For some reason typing the title I heard it in my head like an announcer introducing fighters at a cage match. It's been an internal struggle for a while. I'll never be only me again. I will also be a mom forever more. Now I hear raven calls! Bear with me, I have a point. The battle is usually a silent background one (sleep 5 more minutes or get up and make pancakes for the kids, etc). It isn't even a battle most of the time just an ebb and flow that sometimes gets stuck in one direction too long.
It came into pretty sharp focus when there was a concert fast approaching that I wanted to attend. Imagine that! A concert, like when I was single. Oh, I was excited. I was mulling over ticket options for said concert when an email arrived, apparently I get alumni discount on Disney on Ice. It was of course the same weekend and in the same price range. Shoot. Now, I had to choose my first concert with adults in 5ish years or taking the kids to Disney on Ice for their first time?

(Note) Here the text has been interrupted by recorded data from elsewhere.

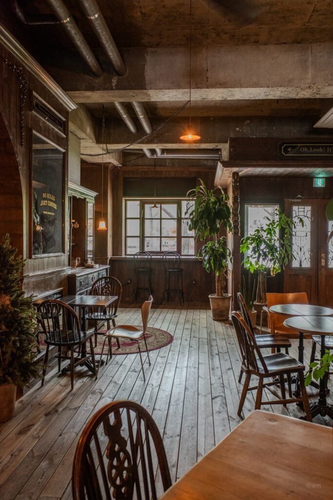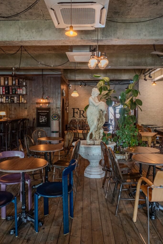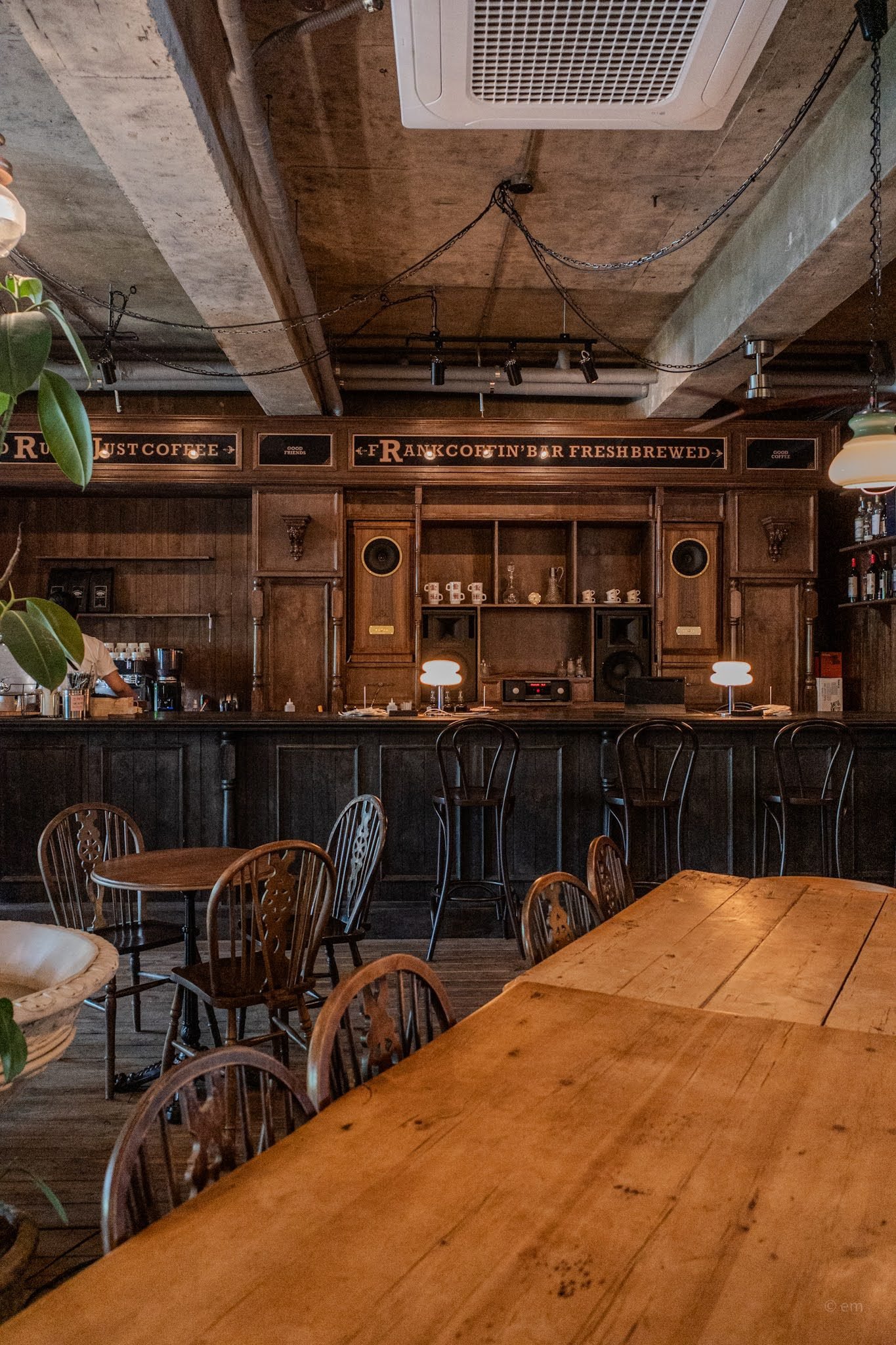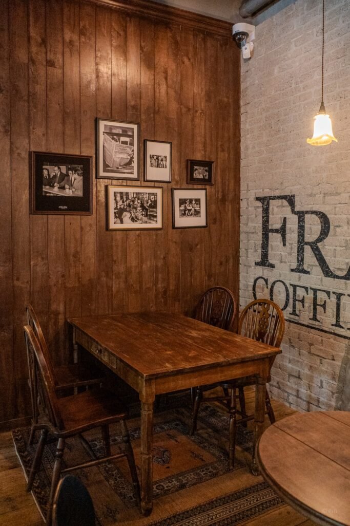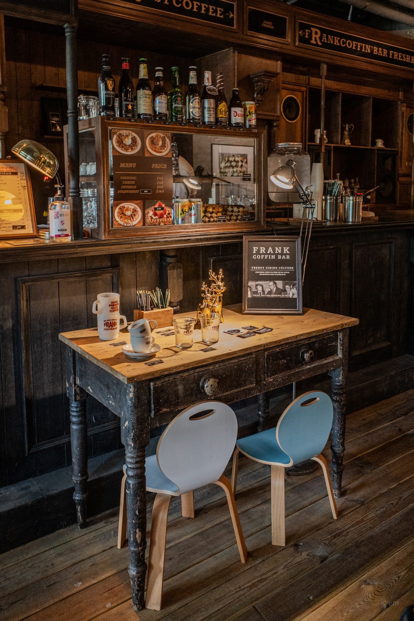 Frank Coffin Bar doesn’t feel like it’s trying to be anything in particular. It’s a coffee shop that happens to look exactly like the frontier bar from the movie you can’t quite place — the one where the stranger walks in from the cold, the whole room goes quiet, and then someone orders a flat white.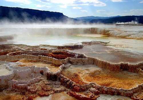 位于美國黃石公園猛犸溫泉,是世界上已探明的最大的碳酸鹽沉積溫泉。它最顯著的特點當(dāng)屬米涅瓦階地,那是幾千年來冷卻沉淀的溫泉水所形成的一連串階地。
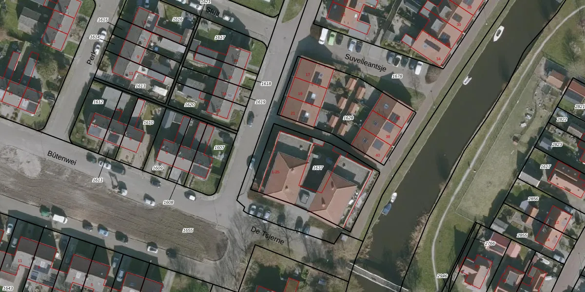 Het perceel waarop De Tsjerne 15 staat heeft een oppervlakte van 916 m². Dit is een groot perceel. De perceeloppervlakte wordt geregistreerd door het Kadaster. Gedetailleerde informatie over de maten van dit perceel kunt u vinden in het rapport Kadastrale kaart met maatvoering van De Tsjerne 15.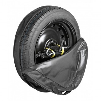 Ruotino di emergenza con crick e chiave svita bulloni per cerchio in acciaio diametro 155/70-17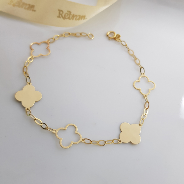 A pulseira em ouro 18k confere elegância e qualidade à suas produções. Um design delicado e elegante, com mix de pingentes vazados no formato de trevo, uma joia repleta de elegantes acabamentos.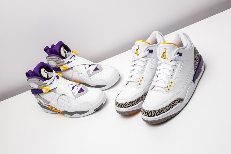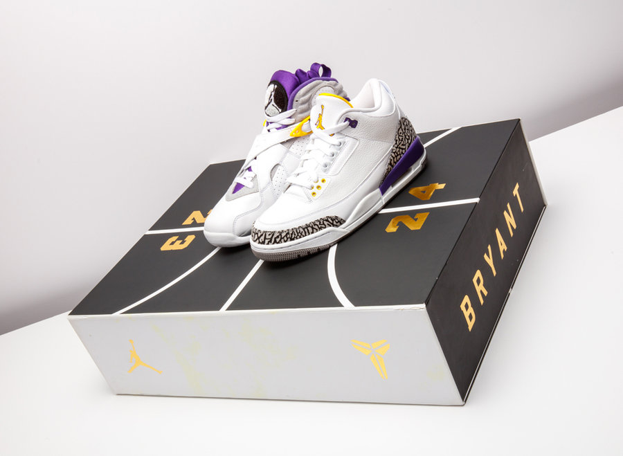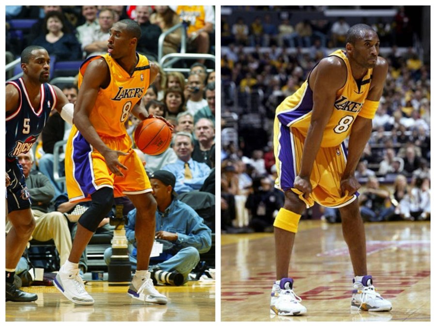 当年科比在离开 adidas 后,经历了很长一段时间的乱穿鞋时期,上脚过很多经典鞋款,其中就包括了湖人配色的 Air Jordan 3 和 Air Jordan 8。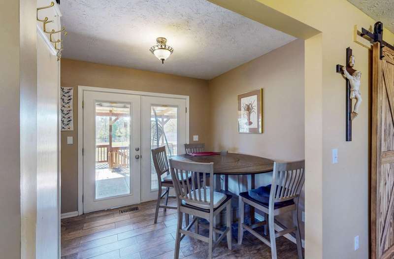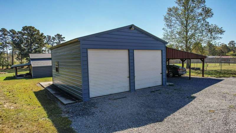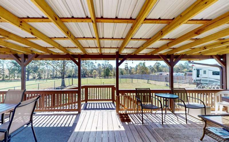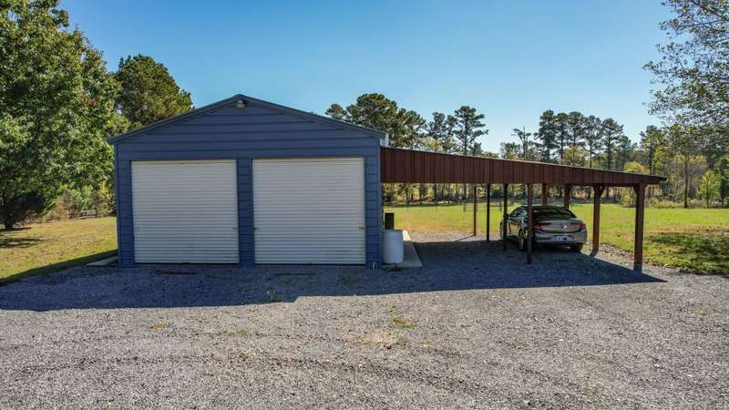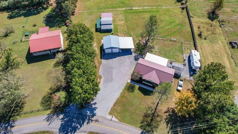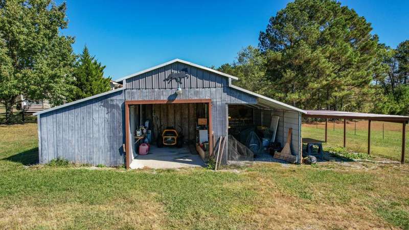 WELCOME to your Mini Farm! 3.38 Acres with a fenced pasture for grazing horses, cattle, goats, or whatever else you can think of. The barn is equipped with two lean-tos- covered extensions on one side and the back-which provide additional sheltered space ideal for storing equipment, hay or offering shade and protection for animals. Inside the barn there is a dedicated tack room. The home has 3 bedrooms and two bathrooms. One of the bedrooms is currently being used as an office and has a murphy bed. The guest bath has a whirlpool tub and shower. The owner's bath has a recently installed walk-in shower. The kitchen showcases a mix of contemporary and rustic elements with stainless steel appliances and barn style wooden cabinet doors. Front covered porch for watching the sunsets and horses in the pasture across the street and a back covered deck for morning coffee while watching the sunrises and deer grazing in the pasture. There is a separate two car garage with 10-foot roll up doors and double car port. Fully fenced yard for the dogs and the laundry room door has a doggie door for easy access in and out for them. There is a 12 x 16 finished out building with water and electricity. AC and heat. Use your imagination...She-Shed? Man-Cave? or whatever! The RV has water and electricity hook-ups and sits on a gravel RV pad. There is a dedicated garden area fenced off so the dogs and deer don't have access. This location offers a rural environment ideal for those seeking a country setting. Come see, and you will fall in love with this homestead.
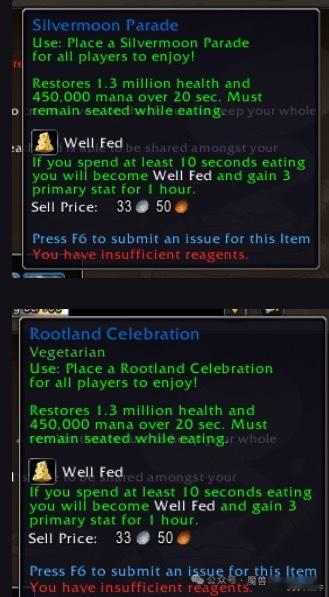 对比标注 “素食” 与 “非素食” 的盛宴属性可见,二者在属性加成上并无差异。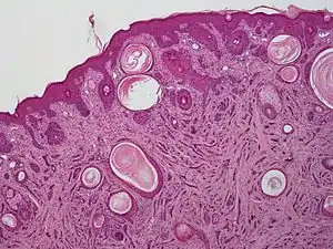 Microcystic adnexal carcinoma (MAC) is a rare sweat gland cancer,[1] which often appears as a yellow spot or bump in the skin. It usually occurs in the neck or head, although cases have been documented in other areas of the body. Most diagnosis occur past the age of 50. Although considered an invasive cancer, metastasis rarely occurs. If the tumor spreads, it can grow and invade fat, muscles, and other types of tissue.[2] Main treatments are wide local excision or Mohs micrographic surgery, which ensures that most, if not all, cancer cells are removed surgically.[3]

It's fortunate for me they had the cheapest tickets and wheelchair seating left for the concert because that is what tipped the scales. "It's been their turn a long time" I told myself "it's my turn now". Mike was thrilled a)Not to have to attend Disney On Ice b)Not to have to go anywhere and all to happy to watch the kids while I did.
I still feel a little guilty buying even reasonably priced tickets for great seats, but I need a night out. I'm super excited to see this person live and I'm glad I'm giving another mom a night out too.